Today I would like to give a solution to the SAT problem from last Wednesday on Inequalities. You can see the original post here: Inequality Word Problem for the SAT

**Level 5 Heart of Algebra**

A worker earns $12 per hour for the first 40 hours he works in any given week, $18 per hour for each hour above 40 that he works each week. If the worker saves 75% of his earnings each week, what is the least number of hours he must work in a week to save at least $441 for the week?

A) 6

B) 8

C) 46

D) 47

*** Informal solution: **If $441 represents 75% of the worker’s earnings, then the worker’s total earnings is 441/0.75 = $588.

For the first 40 hours, the worker earns 12 ⋅ 40 = 480 dollars. So, the remaining amount that the worker needs to earn is 588 – 480 = 108 dollars. So, the number of additional hours above 40 that the worker will work is 108/18 = 6.

The total number of hours that the worker must work is therefore 40 + 6 = 46, choice **C**.

**Notes: **(1) We change a percent to a decimal by moving the decimal point to the left 2 places. The number 75 has a “hidden” decimal point at the end of the number (75 = 75. or 75.0). When we move this decimal point to the left two places we get .75 or 0.75.

(2) We can find the worker’s total earnings formally as follows:

We are given that 441 is 75% of the worker’s total earnings. So, we have 441 = 0.75*T*, where *T* is the worker’s total earnings. We divide each side of this equation by 0.75 to get T = 441/0.75 = 588.
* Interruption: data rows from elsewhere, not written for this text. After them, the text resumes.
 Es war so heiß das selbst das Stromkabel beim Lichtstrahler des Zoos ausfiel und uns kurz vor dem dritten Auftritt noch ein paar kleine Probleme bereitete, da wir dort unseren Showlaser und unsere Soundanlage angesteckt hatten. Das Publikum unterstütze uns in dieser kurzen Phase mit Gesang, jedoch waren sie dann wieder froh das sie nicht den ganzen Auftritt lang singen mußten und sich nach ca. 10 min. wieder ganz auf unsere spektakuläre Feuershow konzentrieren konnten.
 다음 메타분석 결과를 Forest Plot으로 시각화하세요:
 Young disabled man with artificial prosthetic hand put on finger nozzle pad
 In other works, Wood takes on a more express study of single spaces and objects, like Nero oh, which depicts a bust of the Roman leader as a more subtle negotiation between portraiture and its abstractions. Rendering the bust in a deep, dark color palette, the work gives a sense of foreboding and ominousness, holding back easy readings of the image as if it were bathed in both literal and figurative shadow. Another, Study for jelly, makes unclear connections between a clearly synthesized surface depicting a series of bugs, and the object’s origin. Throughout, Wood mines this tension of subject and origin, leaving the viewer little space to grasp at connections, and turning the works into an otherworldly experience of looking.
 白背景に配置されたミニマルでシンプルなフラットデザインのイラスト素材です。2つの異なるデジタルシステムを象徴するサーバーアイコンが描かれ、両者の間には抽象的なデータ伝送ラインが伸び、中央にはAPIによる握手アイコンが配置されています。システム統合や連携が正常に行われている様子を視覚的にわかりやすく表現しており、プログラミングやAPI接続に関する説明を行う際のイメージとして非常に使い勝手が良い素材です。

(3) Be careful that you do not accidentally choose 6 as the answer. 6 is the number of hours above 40 that the worker must work. The question is asking for the total number of hours, which is 40+6.
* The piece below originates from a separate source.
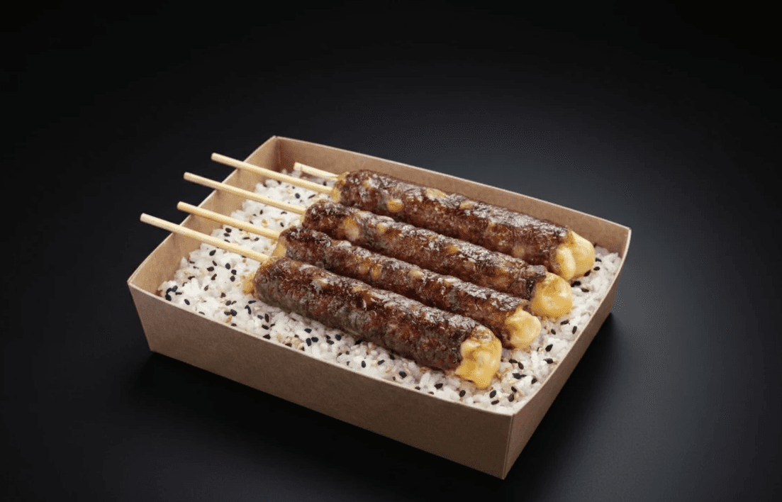 Brochettes de bœuf tendre mariné et grillé, généreusement garnies de fromage fondant. La viande juteuse et savoureuse se marie parfaitement avec le fromage crémeux, le tout légèrement caramélisé pour une texture irrésistible, servie avec une sauce d'accompagnement.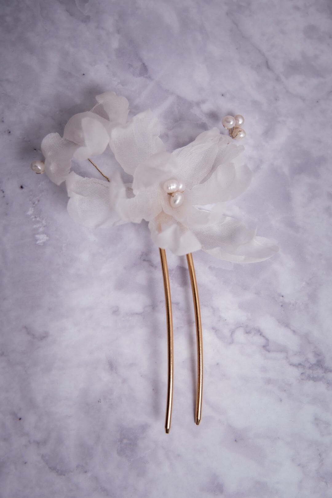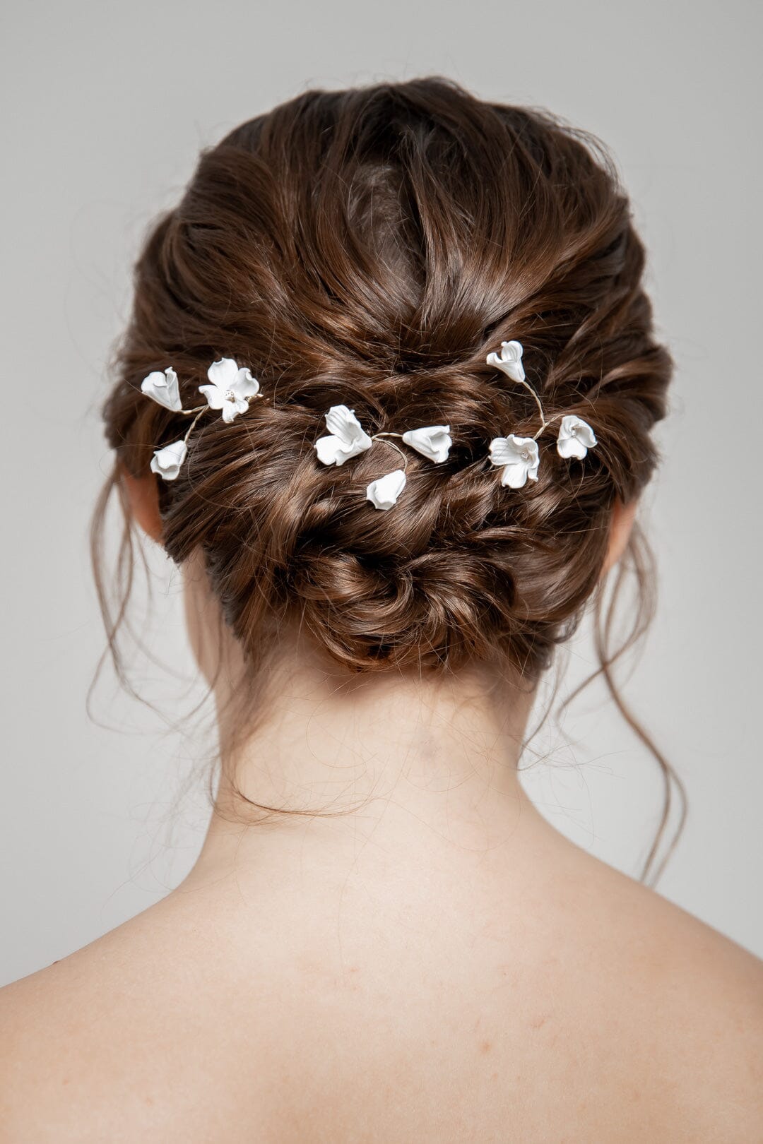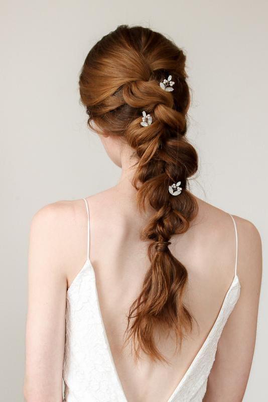 Braut Haarnadeln, verziert mit künstlichen oder echten Blumen passen zu romantischen oder boho-inspirierten Hochsteckfrisuren, zum Beispiel bei locker gesteckten Hochsteckfrisuren mit geflochtenen Elementen.

**Algebraic solution 1: **Let *x* be the number of hours that the worker works above 40 hours. We need to solve the following inequality for *x*:

0.75(12⋅40 + 18*x*) ≥ 441

480 + 18*x* ≥ 441/0.75

480 + 18*x* ≥ 588

18*x* ≥ 108

*x* ≥ 6

So, the least number of hours the worker needs to work is 40 + 6 = 46, choice **C**.

**Notes: **(1) For the first 40 hours, the worker earns 12 ⋅ 40 = 480 dollars.
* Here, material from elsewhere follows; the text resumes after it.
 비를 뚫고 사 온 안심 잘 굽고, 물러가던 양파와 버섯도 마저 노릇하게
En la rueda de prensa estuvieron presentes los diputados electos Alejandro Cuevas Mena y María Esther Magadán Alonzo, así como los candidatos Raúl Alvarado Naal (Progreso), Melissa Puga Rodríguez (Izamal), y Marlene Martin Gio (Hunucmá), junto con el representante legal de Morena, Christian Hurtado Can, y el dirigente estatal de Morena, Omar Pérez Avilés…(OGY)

(2) For *x* hours above 40, the worker earns 18*x* dollars.

(3) using notes (1) and (2), we see that he worker earns a total of 12 ⋅ 40 + 18*x* = 480 + 18*x* dollars.

(4) We are given that 75% of the total earned must be at least 441. So, 0.75*T* = 441, where *T* = 12 ⋅ 40 + 18*x* (see note (2) in the previous solution).

(5) Remember that we let *x* represent the number of hours the worker works above 40. So, at the end, we need to add 40 to the result.

**Algebraic solution 2: **This time we let *x* be the total number of hours that the worker works, where *x* must be at least 40. We need to solve the following inequality for *x*:

0.75(12⋅40 + 18(*x –* 40)) ≥ 441

480 + 18*x –* 720 ≥ 441/0.75

18*x –* 240 ≥ 588

18*x *≥ 828

*x *≥ 46

So, the least number of hours the worker needs to work is 46, choice **C**.

**Notes: **(1) This time we are letting *x* represent a number greater than or equal to 40.

If *x* = **40**, the total earnings is 12 ⋅ 40 + 18 ⋅ **0**

If *x* = **41**, the total earnings is 12 ⋅ 40 + 18 ⋅ **1**

If x = **42**, the total earnings is 12 ⋅ 40 + 18 ⋅ **2**

Observe the relationship between *x* and the last number in the expression (both in bold). We subtract 40 from the *x*-value to get that number.

This shows that the total earnings is 12 ⋅ 40 + 18(*x *– 40).

(2) This time, the value that we get for *x* is the answer to the question.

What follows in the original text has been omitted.